Lookup tables translate a key to an index in the table, or an error if the key is not present. The declaration comprises a name, key length, and table size. Protocols can read lookup tables, while writes are only possible from the control plane. Lookup tables are typically combined with arrays of the same size to translate the returned index into a value, but can also be used separately if only the existence of a key is checked.

2) RX & TX Processing Graphs: Each protocol specification consists of two separate data-flow graphs, one for receive and one for transmit. A Kugelblitz DFG specifies the complete processing for an individual packet in the corresponding direction. Our semantics guarantee that packets appear to be processed sequentially and in isolation, compiler and architecture ensure this.

DFGs consist of nodes connected by directed edges indicating data flow from one node to another.
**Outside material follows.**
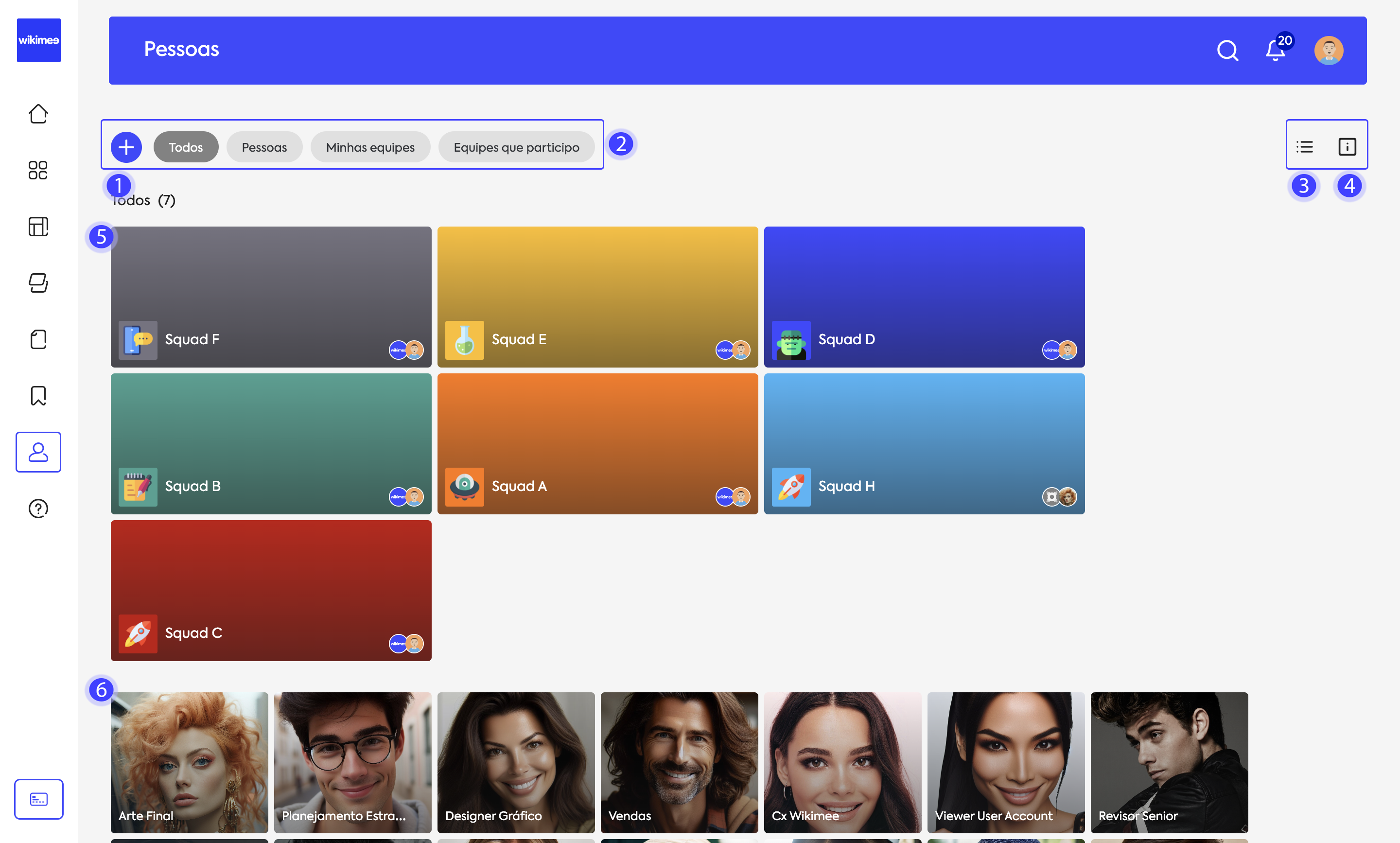 2 Os filtros de exibição de equipes e pessoas.

Each node can have multiple inputs, a single output, and attributes specified at declaration time. We represent data as bit vectors and each

|                 | Inputs                  | Outputs | Attributes     |
|-----------------|-------------------------|---------|----------------|
| Conversions     |                         |         |                |
| Constant        |                         | value   | value, bits    |
| Slice           | value                   | result  | offset, bits   |
| Merge           | a, b,                   | value   |                |
| Zero Extend     | value                   | result  | bits           |
| Sign Extend     | value                   | result  | bits           |
| Compute         |                         |         |                |
| Unary           | operand                 | result  | operation      |
| Binary          | left, right             | result  | operation      |
| Conditional/mux | cond., t-value, f-value | result  |                |
| Input / Output  |                         |         |                |
| Read Packet     |                         | result  | offset, length |
| Write Packet    | value                   |         | offset, length |
| Read Control    |                         | result  | register       |
| Write Control   | value                   |         | register       |
| State           |                         |         |                |
| Table Lookup    | key                     | index   | table          |
| State Read      | index                   | value   | memory         |
| State Write     | index, value            |         | memory         |

 TABLE I

 KUGELBLITZ PROTOCOL DATA-FLOW GRAPH NODE TYPES.

edge is typed with the number of bits it carries. These types are enforced in the compiler and all conversions are explicit.

Table I shows the 15 node types in Kugelblitz. To start with, *read packet* extracts *len* bit from the packet at *offset*. *Read control* provides access to the metadata specified as the node attribute, such as the packet length. Packet and control reads always access the original packet data and metadata even when writes are present. Protocols modify outgoing packets with the complementary *write packet* and *write control*. *Write control* can additionally also indicate that the packet should be dropped, the original version should be forwarded, or that it should be sent out in the other direction (loopback). *State read* and *state write* provide access to the element at *index* of the array specified in the node attribute. Finally, *Table lookup* takes the key as an input and searches the table specified in the attribute, returning the index or a value indicating failure.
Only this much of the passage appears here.